Investigating Attenuation of X-Ray Photons with Al Thickness

[Jameshope]

Hi

Would anyone help/advise me? I've done 2 experiments as part of my radiography degree. One was to investigate the effect of the ISL on a beam of x-ray photons. I could understand this, produced 2 graphs (Mean reading against distance (uGy) and Mean reading against 1/d squared) and wrote a 1,000 page report with a knowledgeable discussion and good conclusion.

However, my other experiment is confusing me. Its about HVL and I'm getting totally confused with the limear attentuation co-efficient. The title is to investigate the attenuation with thickness of material of a beam of x-ray photons

We then set the x-ray tube at 100 cm above the dosemeter on the x-ray table and collimate to the sensitive plate. This distance and collimation was constant. We then made an exposure of 80 kV and 100 mAs and recorded the reading repeating twice more.

Then we attached 1mm sheet of aluminium beneath the light beam diaphragm and used the same exposure factors and record the dosemeter reading and repeated for 2, 3 and 4 mm thicknesses of aluminium.

I then plotted 2 graphs- one was HVL transmission % against Al)mm) thickness and the other was calculating Loge so it was HVL Loge Transmission.

The problem is I don't know wahat to put in my discussion? I can obviously see that with each additional mm of Al then the % of x-ray transmission falls and that the HVL at 50% was about 3.4 looking at the graph. But how do I prove this with a formula? How could I have improved the experient and what use will this mean in everyday practise?

Foe the other graph I simply calculated loge by the the % transmission. ie.. Ln on my calculator by 100% at 0mm, 79 at 1mm etc... and I came out with

0mm 4.6 loge
1 4.4
2 4.2
3 4
4 3.8

I have put both sets of data into an exponential graph but I'm struggling to understand everything.
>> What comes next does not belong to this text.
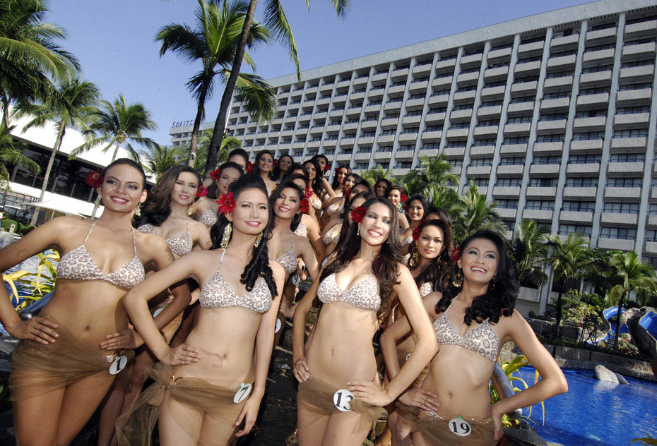 2月18日,在菲律賓首都馬尼拉,參加2010年菲律賓小姐競選的選手們在展示泳裝。當日,共有24名佳麗參加了這項比賽。圖片來源:中國新聞網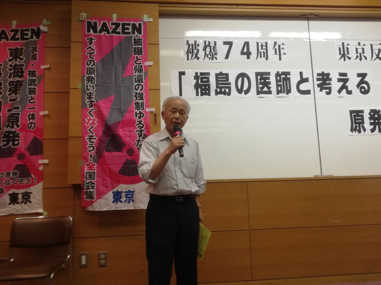 7月21日、東京のセシオン杉並で、福島から渡辺瑞也医師を講師に迎え、NAZEN(すべての原発いますぐなくそう!全国会議)東京主催による「福島の医師と考える原発と核」と題した講演会を開催しました。参加は100人近くの大盛況でした。

Help!

Regards

James

 

[mark726]

Dear James,

Thank you for reaching out for help with your experiment. I can see that you have put a lot of effort and thought into your work, and I am happy to assist you in any way I can.

Firstly, it is great that you were able to successfully conduct the experiment and obtain data for your graphs. From your description, it seems like you have a good understanding of the concept of HVL and how it affects the transmission of x-rays. The formula for HVL is HVL = ln(2)/µ, where µ is the linear attenuation coefficient. This formula can help you to calculate the HVL at different thicknesses of material.

In your discussion, you can mention the relationship between HVL and the thickness of the material. As the thickness increases, the HVL also increases, meaning that more material is required to reduce the transmission of x-rays by 50%. This is because the linear attenuation coefficient, which represents how much the material absorbs or scatters the x-rays, also increases with thickness.

To improve your experiment, you can try using different materials of varying thicknesses to see how the HVL changes. You can also try using different exposure factors, such as different kV and mAs, to see how they affect the HVL. This will help you to understand how to optimize exposure settings for different thicknesses of material.

In terms of practical applications, understanding the HVL is important in radiography as it helps to determine the appropriate thickness of shielding material needed to protect patients and staff from excessive radiation exposure. It also helps in selecting the appropriate exposure factors for different imaging scenarios.

For your second graph, it seems like you have correctly calculated the loge values for the HVL transmission percentages. You can mention in your discussion that taking the logarithm of the transmission percentages helps to determine the exponential relationship between the thickness of the material and the HVL.

I hope this helps to clarify some of your doubts. If you have any further questions, please do not hesitate to ask. Good luck with your studies!